5 minutes / 2 minutes, c’est maintenant tout ce qui compte : je cours 5 minutes et je marche 2 minutes.
L’important c’est de continuer d’avancer. Les jambes vont bien et la vitesse est bonne dans les 5 minutes de course.
Tout le reste fait mal, rien de pire qu’avant par contre. Christophe et Yann nous attendent au coin d’un rang avec des
Mr. Freeze. Des sauveurs!!! Il faut dire que le thermomètre affichait 31 degrés à l’ombre. J’avale mon Mr. Freeze et j’en
paye la facture 3km plus loin: des crampes abdominales. Ça passe rapidement et nous engrangeons plusieurs km sans
trop de difficultés. Nous retournons enfin dans le bois sur le Sentier des Écluses tout près des marais.
Vraisemblablement, il y a beaucoup moins de passants que lorsque j’étais adolescent et le sentier est bien moins rapide
qu’auparavant. C’est beau et je suis en territoire connu, les km augmentent donc rapidement, je me rapproche enfin de
la fin du périple.
Yann me rejoint aux marais après une longue pause à me rafraichir au ruisseau. Nous décollons vers une section
technique qui testera nos réflexes et nous amènera vers le site des chutes et André qui fera un bout à la course. Tout va
encore pour le mieux à ce moment. Après quelques km, les longues descentes et montées abruptes rendent la douleur
dans mon genou droit insupportable. Je n’arrive plus à courir et les km n’avancent plus. Le site est magnifique et le
sentier aussi.
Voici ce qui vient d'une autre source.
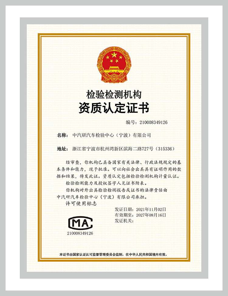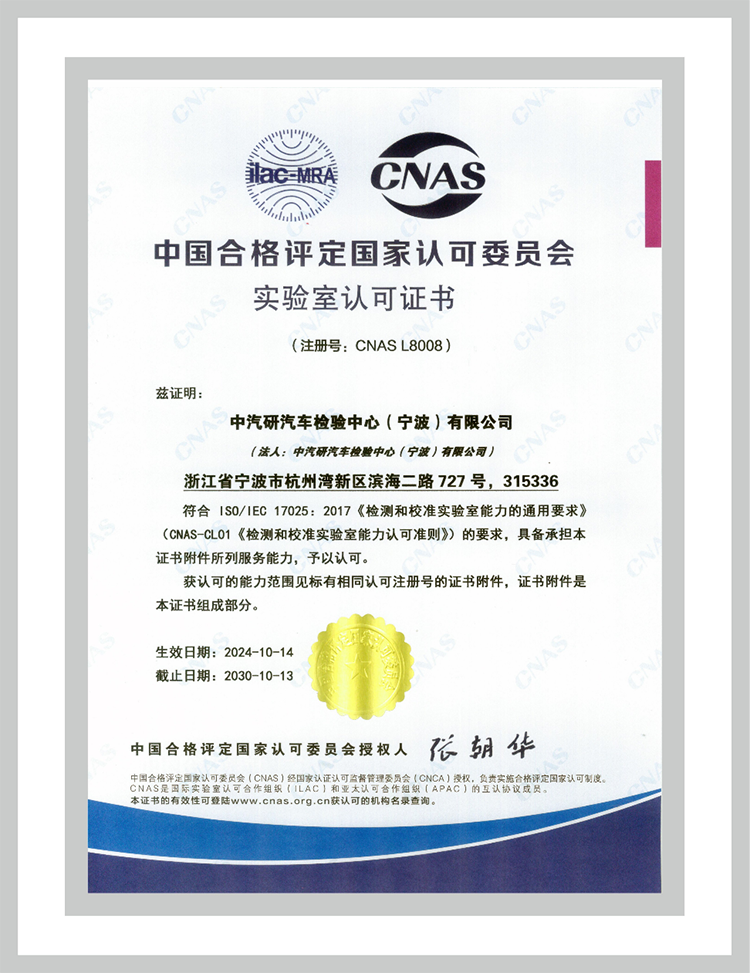 中汽認證中心委托檢測實驗室

J’ai André qui court comme une gazelle devant et Yann qui ne semble pas en meilleur état que moi par
moments derrière. Les gars font une saucette dans une fosse à saumon pendant que j’essaye tant bien que mal de me
ressaisir. Je repars en marchant quand soudain me reviens le désir de courir. Cinq, puis dix, puis vingt minutes passent et
j’arrive encore à courir à un bon rythme. Le Pont du 8 miles approche, mais je ne le vois toujours pas. André me rejoint
et me confirme qu’il reste 2km avant le pont. 2km : ARG j’étais certain que c’était à 2 minutes… Je continue d’avancer
pour enfin voir le pont et toute l’équipe qui joue dans la rivière. Je mange un peu, je m’écrase littéralement dans la
rivière et je reprends des forces. Il ne reste que 8km. Ma copine ne courra pas le dernier bout de chemin avec moi
comme prévu. Elle doit aller s’occuper du petit et l’amener à l’arrivée puisque nous avons accumulé trop d’heures de
retard.
Je décolle donc avec Fred et Christophe pour la dernière section. Ça commence dur avec la côte du 8 miles mais
on ne stress pas, car notre stratégie est simple : on marche jusqu’à ce que ce soit plat pour ensuite essayer de courir sur
le rang si peu absorbant. On arrive finalement en vue du Rang 2 plus rapidement que prévu et on s’engouffre dans le
sentier de ski de fond qui nous amènera au camping municipal de Causapscal. Le sentier est idéal pour courir et nous
augmentons le rythme dans ce terrain que j’ai parcouru tant de fois dans ma jeunesse. À quelques mètres du camping,
j’aperçois mon fils Christian qui sursaute, je crie de joie en le voyant. Au diable la course on marche avec le petit qui n’a
aucun intérêt à finir le parcours, il veut jouer dans les modules de jeu du camping. Après plusieurs longues minutes de
négociations, nous le convainquons de se rendre à l’entrée du parking à la course avec la promesse de bonbons en
récompense.
Voilà c’est fait, enfin fini, 83 km de course et 4150 mètres de dénivelé positif soit 7 km de plus que prévu pour se
rendre au camping et 2000m de dénivelé de plus que mes estimations avant le départ. J’ai mal partout et j’ai hâte de
profité du BBQ organisé avec mon grand-frère Alexis. Une fois le défi accompli et que tout retourne à la normale, il me
vient à l’idée de dire à tous que je ne ferai plus jamais une chose aussi difficile. Je sais trop bien que ça ne serait que des
paroles en l’air. Dans la communauté des coureurs, plus jamais signifie : de retour l’an prochain. Qui sait, le SIA ne fait
pas que traversée la Vallée, il y aussi le secteur de la réserve Matane, des Chic-Chocs et de la Rivière Assetmetquagan
qui demande à être courus.
Un gros merci à ceux qui m’ont épaulé pendant ma traversée, aux bénévoles qui gardent le sentier dans un état
praticable, aux propriétaires qui laissent les randonneurs passer sur leurs terrains. Merci à vous qui avez pris le temps
de lire ce récit d’une idée un peu folle qui m’a passé par la tête en planifiant ma saison de course à pieds. J’espère un
jour vous croiser dans le SIA-IAT. Si jamais je ne souris pas en vous saluant ce n’est pas que je ne suis pas content de
vous voir. J’aurai probablement décidé de prendre ma revanche sur le sentier qui m’a donné toute une leçon d’humilité
lors d’une chaude journée d’été.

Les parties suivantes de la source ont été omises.